Too many times, I have seen artists – like a ship without a rudder – aimlessly make things here, half develop ideas there, dabble a bit and fiddle around there, until they are sit atop a pile of miscellaneous art without accomplishing anything.
You need to get a coherent grip on your direction, your talent and control the flow of your skills. Stop wandering around in a daze in the artistic wilderness, wake up and get on with making your talent flourish.
One of the underlying problems is artists’ boredom thresholds are high, so they wander off on different paths and wind up going nowhere. None of these make any sense as long-term strategies.
They’re only any good if they are being done on an experimental basis with the focus of an end result. Experimenting with different styles, techniques, mediums and subject matters is what creating great art is all about.
But sooner, rather than later, people will begin asking what the point of it all is.
Experimentation must give way to a more focused and directed approach. Take the ideas that really work or really intrigue you, and explore them in deeper and more meaningful ways, rather than the path of randomness.
So ask yourselves these questions:
When you say you’re making art, what does that mean?
How do you decide what to make, when to start and where you’re going with it?
Composition: How do you decide what goes where, what it’s going to look like and how do you know when it’s done?
How do you decide what to make next and next?
I ask artists these questions all the time, and I get many blank stares. You think their hands temporarily leave their bodies, go to the studio, make art and come back and re-attach themselves.
“Nobody cares about these questions,” artists say. “All they care about is my art.”
But infact your audience do care about you and your art. And you’re the one who should care the most as the better you understand your creative process, the more direction you can apply to your art. You’ll become increasingly purposeful and decreasingly random in your work.
Regardless of whether you’re aware of it or can quantify it, every time you make a work of art, you follow a course of action from conception to creation to completion.
So given the choice, you might as well think a little about what you’re doing while you’re doing it rather than just doing it. It helps; believe me.
Once you become more purposeful, you can explain it better to others. As they understand your art, the deeper their connections become, and so the greater your chances of broadening your appeal and audience.

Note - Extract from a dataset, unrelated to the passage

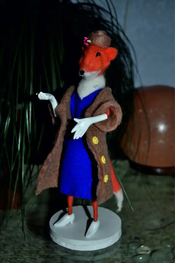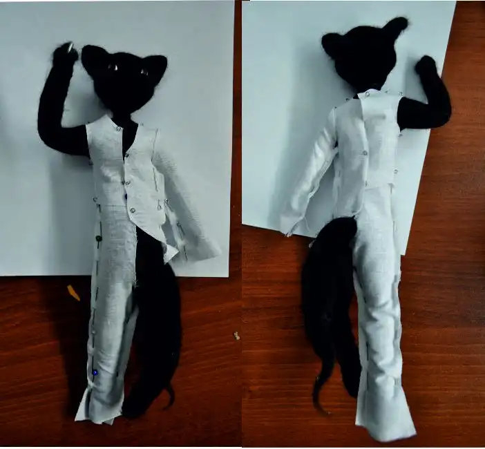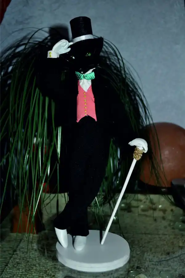 Простите за отсутствие промежуточного показа. Одежда сшита в ручную из габардина, цилиндр на бумажной основе обернутой габардином и покрашен, трость из сломанной кисточки и большой бусины, все окрашено акриловой краской. Шерсть обработана до состояния валенка)

Nobody buys anything they don’t understand, and if you don’t understand the underpinnings of your art, how do you expect anybody else to?
An artist told me once of an experiment that she did; by giving two different explanations for a piece of her art.
When she said it was in response to certain life challenges, her audience wanted to know more. However, for her technical explanation, no-one really cared: they nodded and moved on.
Imagine the reaction if she’d said the art wasn’t about anything or had no idea what it was about. The better you understand you’re art and the reasons behind it, the better accepted it will be to the mainstream public. People love story telling, you need to have a story to tell so people can resonate with you and your art.
Have you ever heard of a successful artist with a long and distinguished career where nobody understands their art? No.
Successful artists are driven by their own decisions to create and their ability to understand that process and explain it to the wider world.